As football’s ugly side, in this case the pathetic brawl between Crawley and Bradford at Valley Parade back in March, still has ratifications for those who were involved, it is Rotherham manager Steve Evans who has again been hit with punishment to plunge his reputation further into the low embers of footballing disrespect.
Evans, then manager of Crawley, will serve a 6 game stadium ban at new club Rotherham after being found guilty on a charge of indecent behaviour on that night which saw a plethora of punishments handed out for those involved in ugly scenes.
This, on top of previous misdemeanours including tax evasion and an investigation into financial irregularities from which he picked up an £8,000 fine. This murky record, which is coloured further by a long line of touch-line fines his volatile nature has picked up, paints Evans as, to understate, not the nicest of characters.
It remains strange then, to a degree, that Rotherham United, a club self-proclaimed as progressive, with a new stadium and bold aims for promotion after narrowly missing out on promotion from League Two last year, would find Evans employable. Yes, the Scotsman has proved his worth on the pitch by promoting Crawley to the Football League and played a significant part in gaining a successive elevation to League One, but the bad headlines the man seems to attract are enough to be a significant compromise for such success.
Rotherham have not started the season well either, with just seven points racked up from 5 games and a 6-2 defeat away at Port Vale occurring two days before Evans discovered his fate in front of a court over March’s disgrace. After a match which the Millers’ hierarchy described as a “reality check”, they will now be without their manager’s touch-line presence for the next 6 games as the ban comes into effect with immediate effect.

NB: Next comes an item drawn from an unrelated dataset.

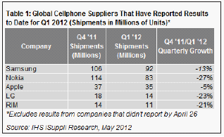 據(jù)IHS iSuppli公司的DRAM市場簡報(bào),爾必達(dá)第一季度營業(yè)收入比2011年第四季度增長1%,占據(jù)大約12.6%的市場份額,排名升至第三。雖然其增長幅度可能顯得很小,但爾必達(dá)的表現(xiàn)優(yōu)于整體DRAM市場。第一季度整體DRAM市場的營業(yè)收入為62億美元,比2011年第四季度的65億美元下降4%,如表1所示。爾必達(dá)的表現(xiàn)也優(yōu)于緊隨其后的美光。美光的第一季度營業(yè)收入環(huán)比下降3%,排名下降一位至第四。

Evans would justify his departure from Crawley to the newly built New York Stadium on the premise that the huge finances available to him at the Red Devils, another reason for the masses of lower league contempt aimed towards Evans’ character, had began to dry up whilst Rotherham, boosted by the sale of Adam Le Fondre, began to prepare for an assault on promotion.
Why they decided to opt for Evans and his long line of idiocy and in some cases, criminal activity, to guide them to it is a question that continues to become even more difficult to answer, with every charge the manager recieves.